* _DATA EXCERPT_

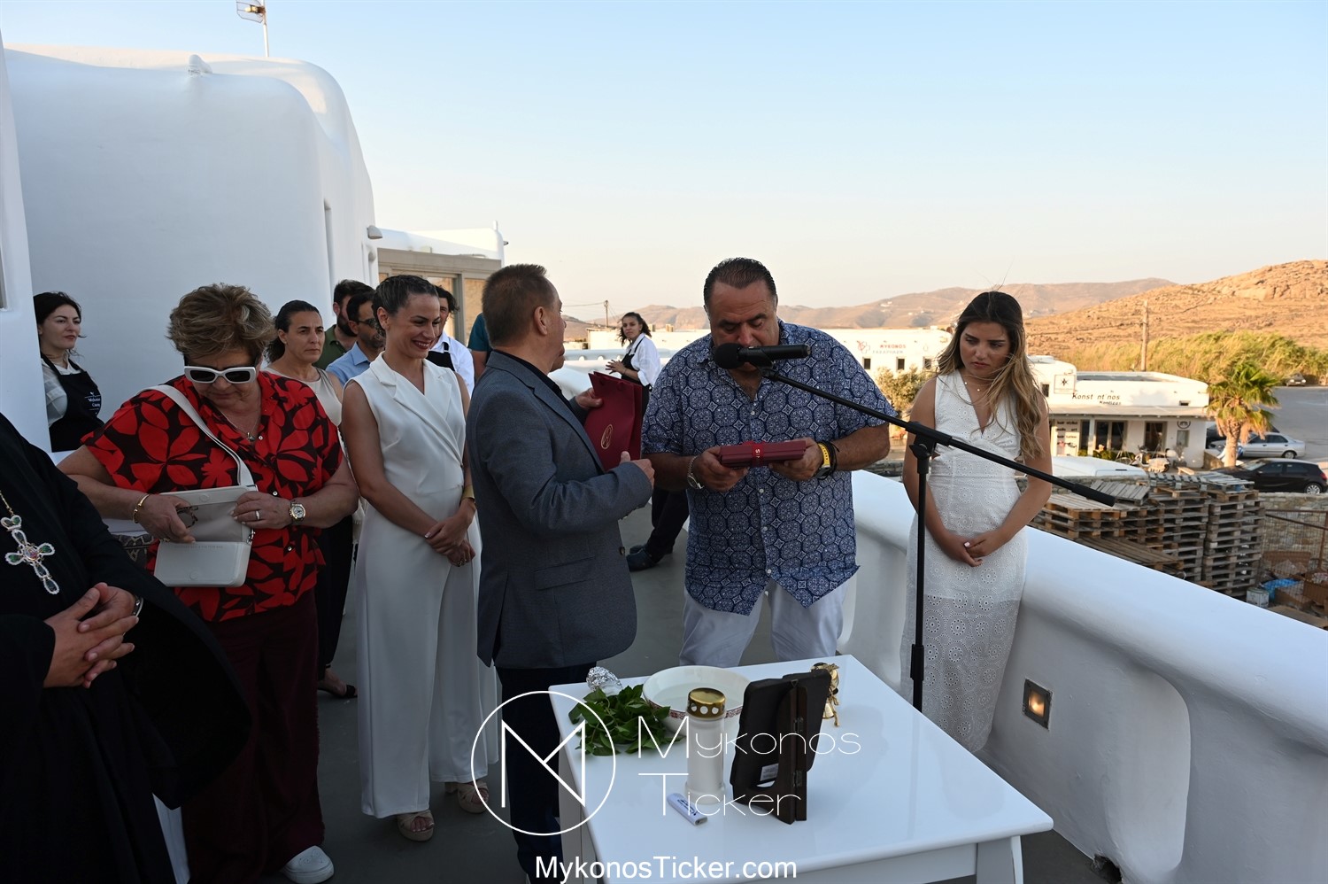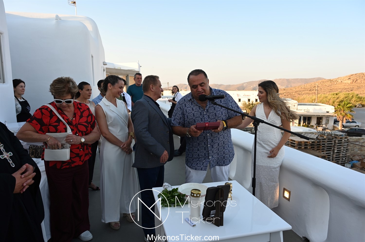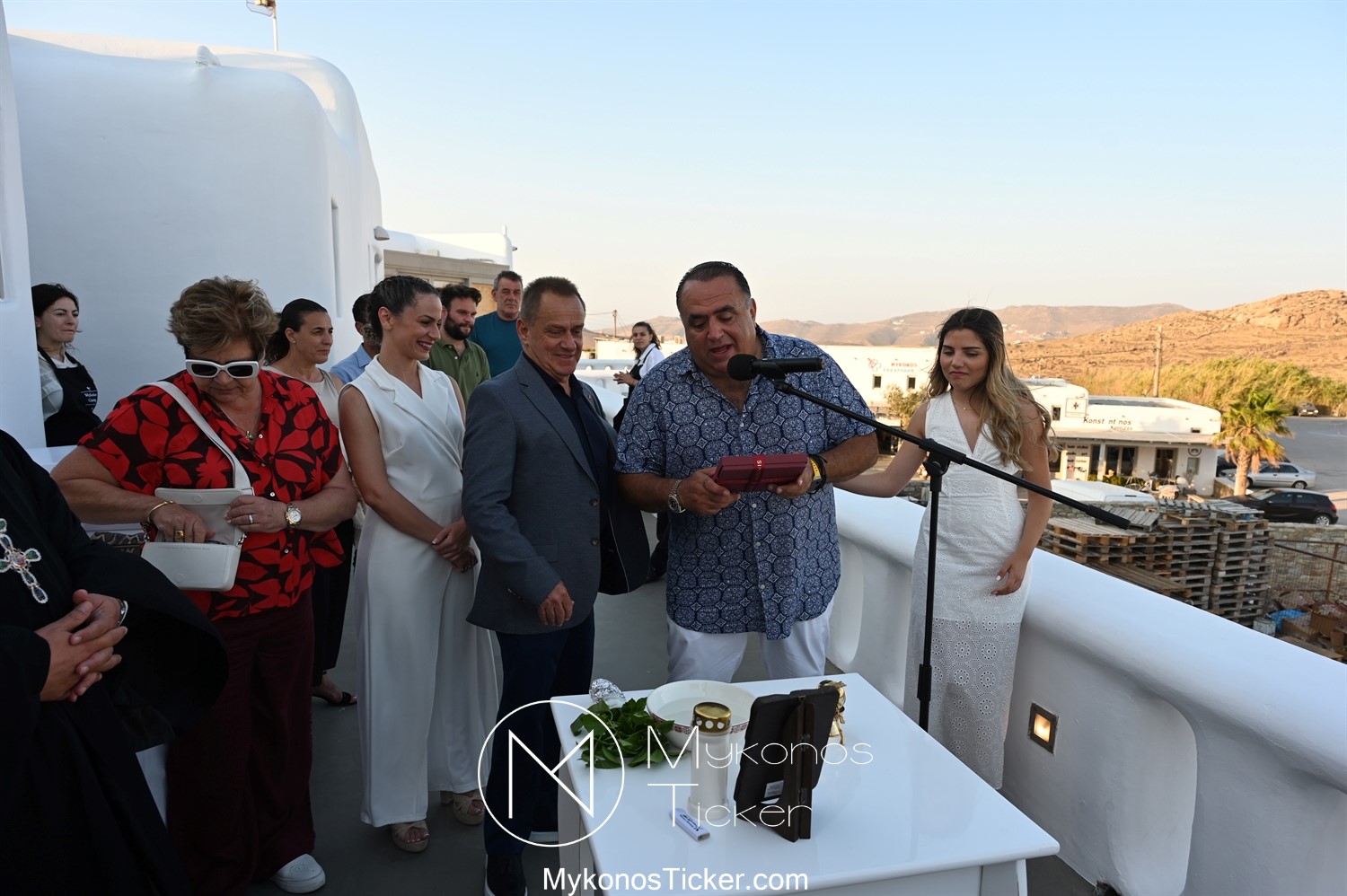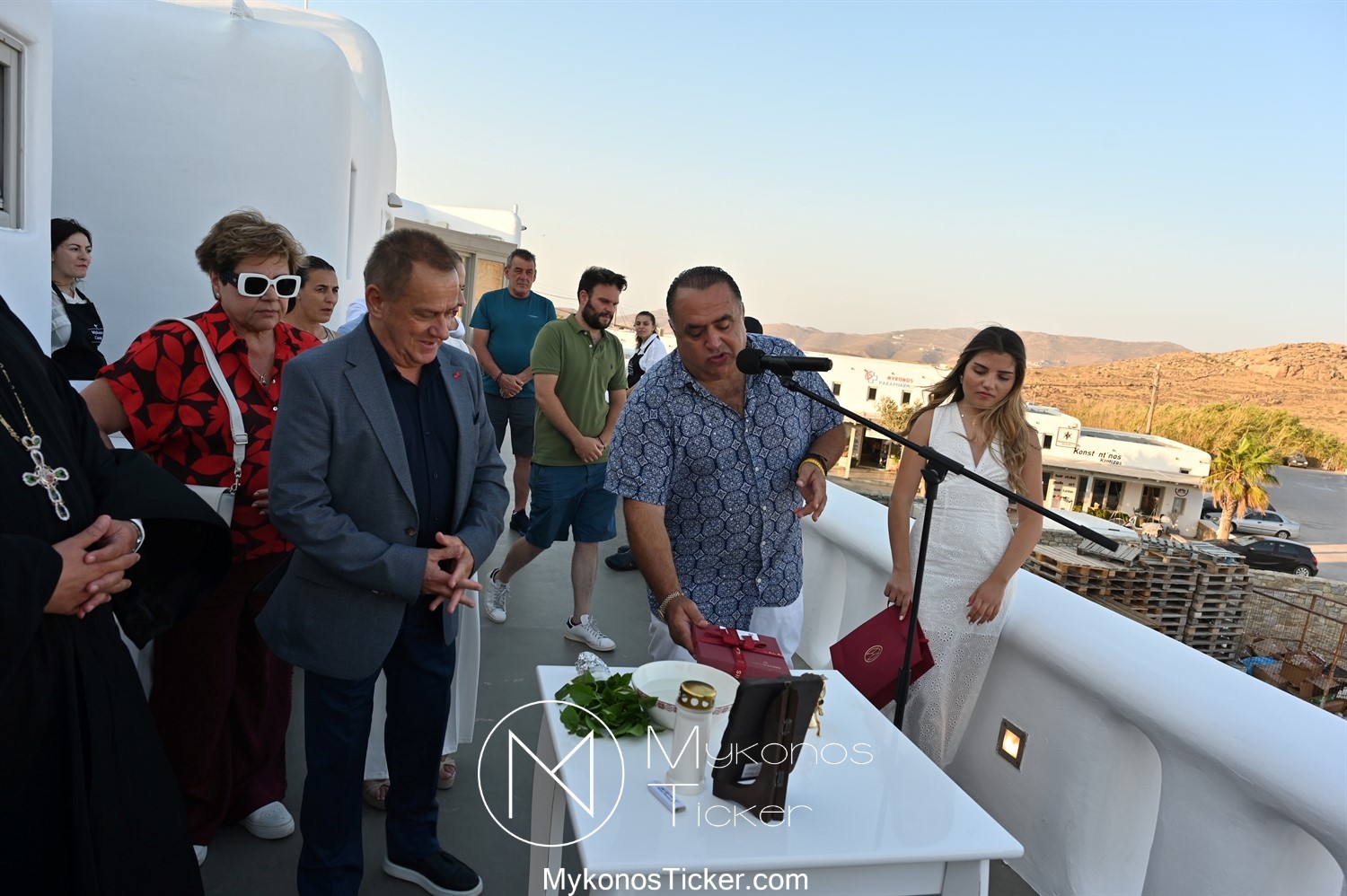 Με την ολοκλήρωση της ομιλίας του, ο Χρήστος Βερώνης προσέφερε αναμνηστικό δώρο του Δήμου Μυκόνου στον Μανώλη Σφακιανάκη.
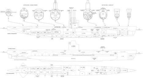 | Keywords: I-201 class general arrangement sections.svg en GA profile plan and section views of WW2 era Japanese submarine I201 Part of the I-201 class of high-speed submarines own Lakkasuo 2010-10-12 Vectorised from US Navy sources that are in the public domain I-201 class submarine General arrangements Sectioned drawings |
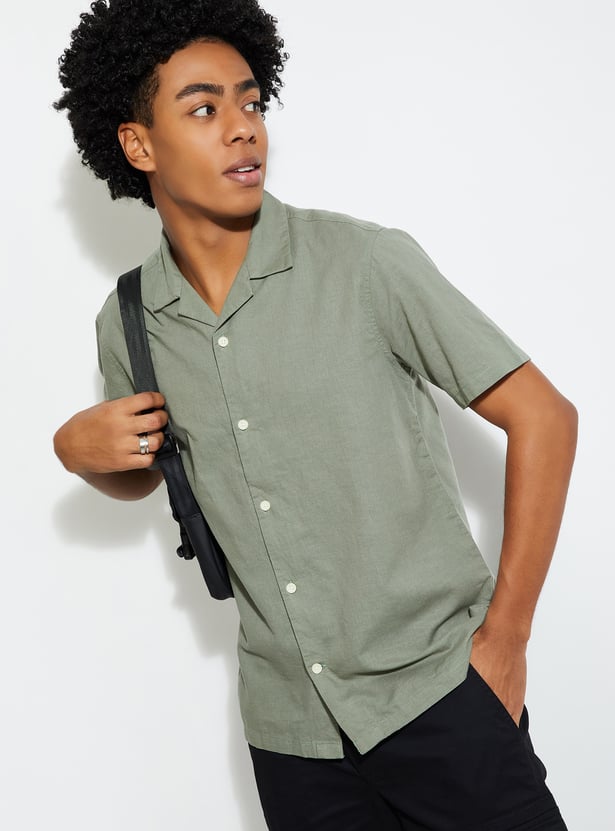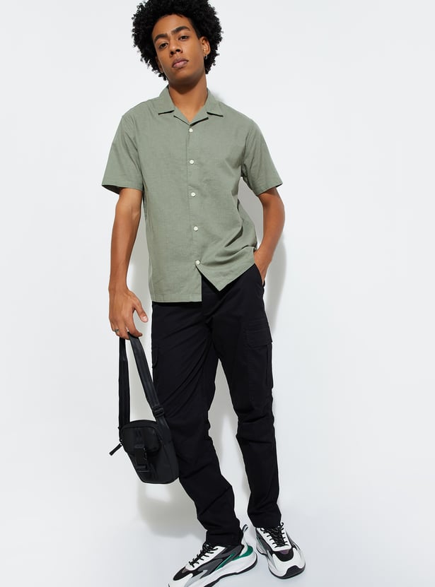 URB_N Men Textured Regular Fit Resort Linen Shirt
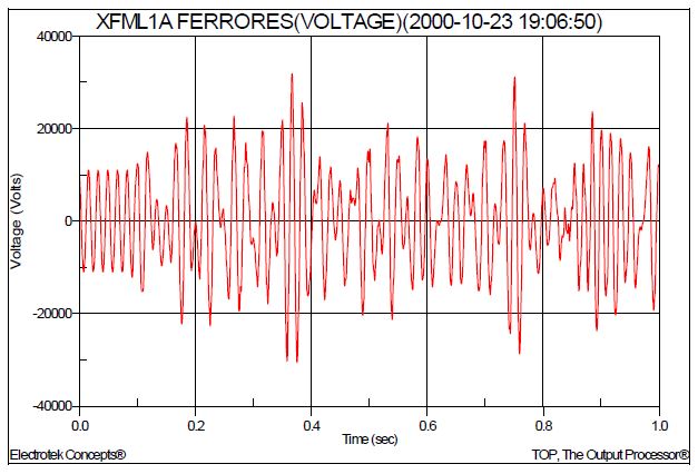 Figure 11 shows a phase-to-phase feeder voltage during a ferroresonance event that was caused by an unbalanced switching operation. The peak voltage was approximately 1.42 per-unit. The instantaneous voltage measurement was captured using a Dranetz-BMI 8010 PQNode and stored using the IEEE COMTRADE file format. The power conditioning options for this event include three-phase switches and secondary loads. The keywords for the waveform include ferroresonance and overvoltage, while the slang term that should be avoided is surge.

* _PROBLEM DETAILS_
Leave the images out and output the remaining material exactly as it stands.

* _SOLUTION TO THE EXERCISE_
 Με την ολοκλήρωση της ομιλίας του, ο Χρήστος Βερώνης προσέφερε αναμνηστικό δώρο του Δήμου Μυκόνου στον Μανώλη Σφακιανάκη.
 | Keywords: I-201 class general arrangement sections.svg en GA profile plan and section views of WW2 era Japanese submarine I201 Part of the I-201 class of high-speed submarines own Lakkasuo 2010-10-12 Vectorised from US Navy sources that are in the public domain I-201 class submarine General arrangements Sectioned drawings |
 URB_N Men Textured Regular Fit Resort Linen Shirt
 Figure 11 shows a phase-to-phase feeder voltage during a ferroresonance event that was caused by an unbalanced switching operation. The peak voltage was approximately 1.42 per-unit. The instantaneous voltage measurement was captured using a Dranetz-BMI 8010 PQNode and stored using the IEEE COMTRADE file format. The power conditioning options for this event include three-phase switches and secondary loads. The keywords for the waveform include ferroresonance and overvoltage, while the slang term that should be avoided is surge.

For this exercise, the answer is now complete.